First Amendment Law Review
Helen Norton, The Government's Manufacture of Doubt, 16 First Amend. L. Rev. 342 (2018), https://falrunc.files.wordpress.com/2018/03/falr-volume-16-symposium-issue3.pdf, available at https://scholar.law.colorado.edu/articles/1183/.
“The manufacture of doubt” refers to a speaker’s strategic efforts to undermine factual assertions that threaten its self-interest. This strategy was perhaps most famously employed by the tobacco industry in its longstanding campaign to contest mounting medical evidence linking cigarettes to a wide range of health risks. At its best, the government’s speech can counter such efforts and protect the public interest, as exemplified by the Surgeon General’s groundbreaking 1964 report on the dangers of tobacco, a report that challenged the industry’s preferred narrative. But the government’s speech is not always so heroic, and governments themselves sometimes seek to manufacture doubt and protect their own interest at the expense of the public’s.

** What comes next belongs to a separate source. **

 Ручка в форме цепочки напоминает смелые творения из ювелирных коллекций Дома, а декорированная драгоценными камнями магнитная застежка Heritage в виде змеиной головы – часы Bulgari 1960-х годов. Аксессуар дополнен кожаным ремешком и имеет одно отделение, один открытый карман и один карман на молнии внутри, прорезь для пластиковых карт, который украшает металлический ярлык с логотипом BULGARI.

In this symposium essay, I examine how the government sometimes seeks to manufacture doubt about factual assertions it perceives as inconsistent with its policy or partisan preferences. I start with some background on the history of government speech in the United States, a history that reveals the diversity and complexity of the government’s expressive choices. Drawing from historical and contemporary examples, I then identify at least three expressive strategies through which the government can manufacture doubt: through its lies and misrepresentations, through its attacks on individuals and institutions that challenge its preferred narrative, and through its choices to bury or deny access to information that it finds inconvenient or dangerous. I close by briefly considering possible responses to these strategies.

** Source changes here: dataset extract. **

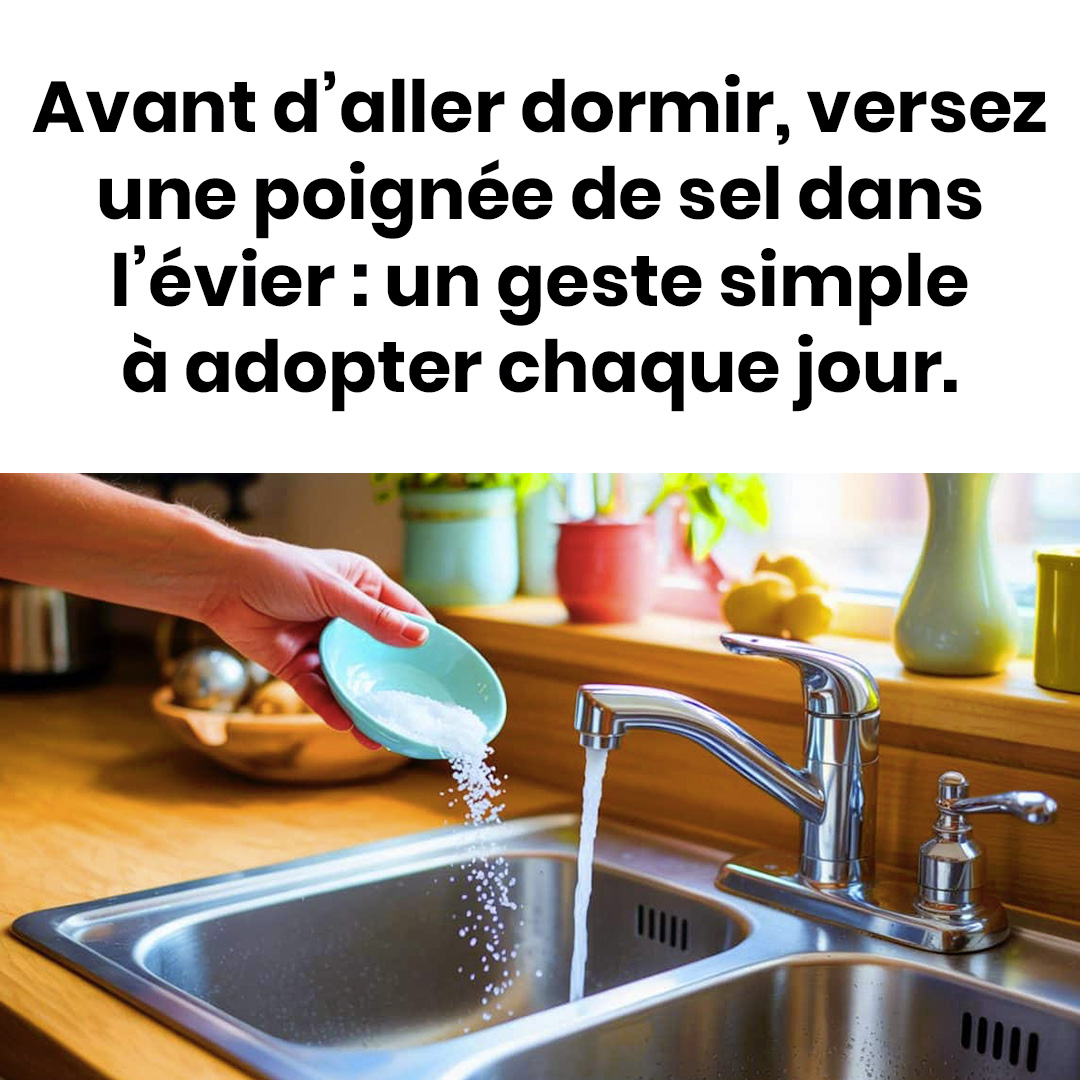Et si je vous disais qu’un geste tout simple peut révolutionner votre routine du soir ? Avant de vous glisser sous la couette, versez une bonne quantité de sel dans votre évier. Ce petit minéral, si banal en apparence, agit comme un nettoyant puissant : il dissout les graisses, prévient les bouchons et combat les mauvaises odeurs persistantes. Pour un résultat optimal, faites couler un filet d’eau chaude par-dessus — vos canalisations vous remercieront !

The government’s speech can serve, or instead threaten, deliberative democracy. At its best, the government’s voice speaks truth to power both public and private, and supports or amplifies the voices of the powerless. But government is not always at its best. Our history and continuing experience reveal a variety of ways in which the government's expressive choices can manufacture doubt, distort the truth, and frustrate key constitutional values. In this essay, I seek to identify some of these patterns (both longstanding and new) in hopes that we can better recognize and challenge them when they arise.